Ceylon cinnamon, known as “real cinnamon,” has a milder flavor due to its lower cinnamaldehyde content, making it safer for medicinal use. I prefer Ceylon in cooking because of its milder taste.
Cassia cinnamon, the kind most commonly found in grocery stores, comes from the Cinnamomum cassia tree in China. It’s inexpensive, with over 90% of its oils being cinnamaldehyde. While it’s great for flavoring recipes, experts caution against using it medicinally due to its high cinnamaldehyde levels.
Cassia also has high levels of coumarin, which can cause liver damage in large amounts. Denmark even regulates how much can be used in bakeries to prevent excess consumption. Ceylon cinnamon contains much less coumarin.
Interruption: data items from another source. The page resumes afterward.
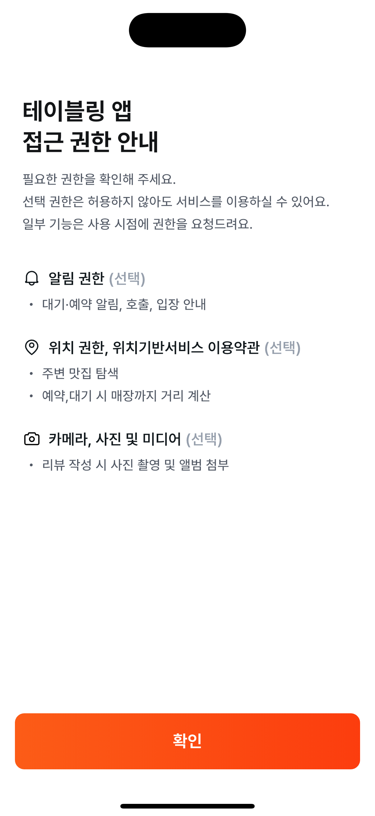 앱 최초 실행 시, 필요한 권한과 그 이유를 미리 쉽게 이해할 수 있도록 안내 화면을 개선하고, 권한 팝업이 순서대로 노출되도록 수정했어요.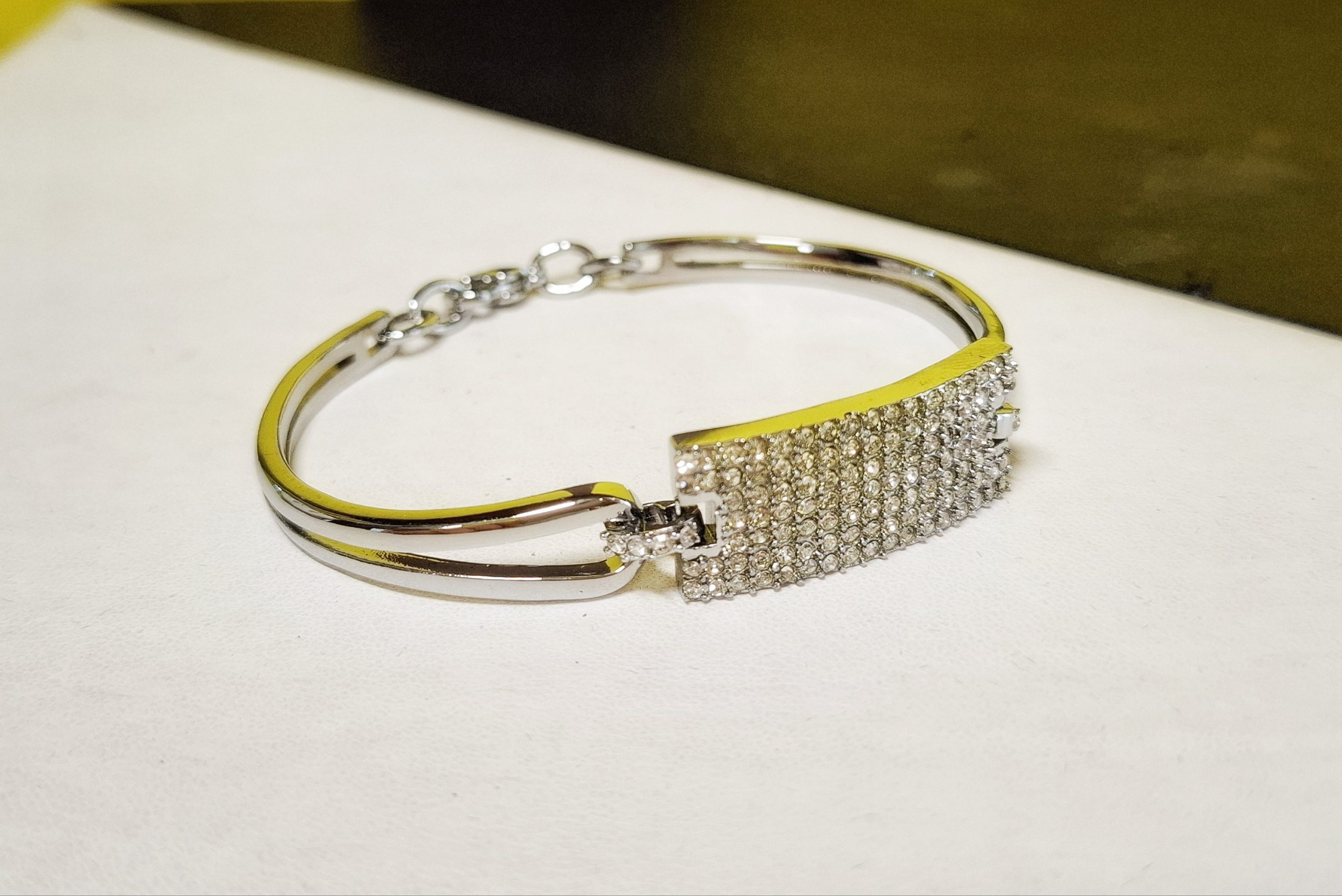 Bracciale in acciaio semirigido con parte centrale pavettato in zirconi.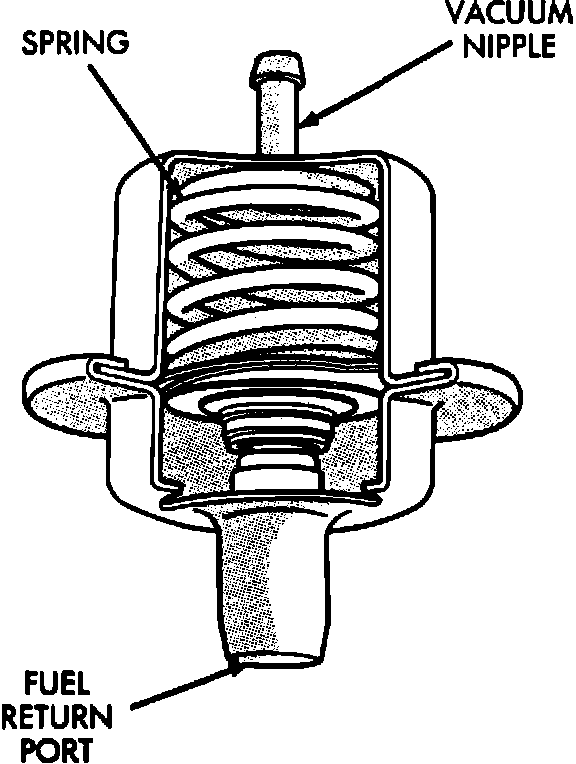 The fuel pressure regulator is used to maintain a constant pressure of 48 psi (330 kPa) in the fuel supply system. The pressure regulator uses a vacuum assisted spring loaded diaphragm to control the fuel return port in order to maintain constant pressure. Pressurized fuel is delivered to the fuel rail and then flows through the injectors or the pressure regulator. When fuel pressure acting on the regulator diaphragm exceeds 48 psi (330 kPa), the regulator spring is compressed and the fuel return port is opened. When fuel pressure drops below 48 psi (330 kPa), spring tension causes the diaphragm to block the fuel return port. As manifold vacuum increases during deceleration, less pressure is needed to supply the same amount of fuel into the air flow. In order to fine tune the fuel pressure under all operating conditions, the vacuum assists in opening the fuel port during high vacuum conditions.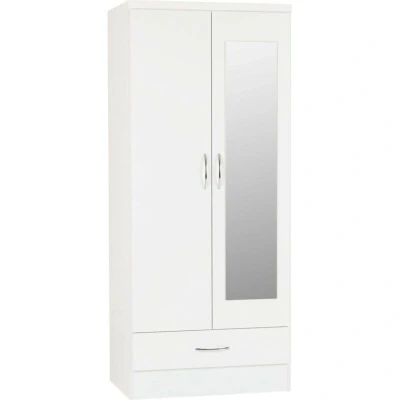 General description The Nevada Mirrored 2 Door 1 Drawer Wardrobe combines functionality and style, featuring a sleek white gloss finish and a full-length mirrored front that enhances any bedroom decor. Technical specifications Dimensions: L52 x W78 x H182.5 cm Weight: 48 kg Material: Composite board with plastic veneer MDF back panel and drawer base Metal handle and hinges Metal hanging rail and drawer runners Plastic back panel strip and feet Mirrored glass

Like with anything, moderation is key; too much can be harmful. For culinary use, it’s nearly always safe, but caution is needed for medicinal purposes. For instance, diabetics have used up to 6 grams of cassia cinnamon daily for blood sugar control without adverse effects. Even so, many experts recommend Ceylon for its benefits without the high coumarin and cinnamaldehyde levels.
Research indicates that consuming small amounts, about 1-2 teaspoons daily, is probably safe for most people without medical conditions. However, those under doctor’s care should ensure there are no interactions with medications before consuming large amounts.
I’ve consulted several trusted doctors who agree that up to 6 grams daily seems safe for adults. They also suggest using high-quality Ceylon and taking breaks from supplements for the best results, similar to a clinic’s advice about cycling supplements.
With all these benefits, how can you incorporate cinnamon safely into your daily routine? There are many ways to enjoy it: in recipes like muffins or pancakes, and drinks like chai tea or eggnog. Pregnant women should limit their intake and avoid essential oils, as large amounts can cause contractions. Always consult with a medical professional before using any herb medicinally.
Some evidence suggests cinnamon’s coumarin content can be harmful in large doses. Ceylon cinnamon, with much lower coumarin levels, is safer for larger amounts and during pregnancy or breastfeeding. Its milder taste also makes it kid-friendly.
I order organic Ceylon cinnamon in bulk and store it in a glass jar to have it ready for use in various ways. Do you use cinnamon for its benefits or in the kitchen? Share your thoughts!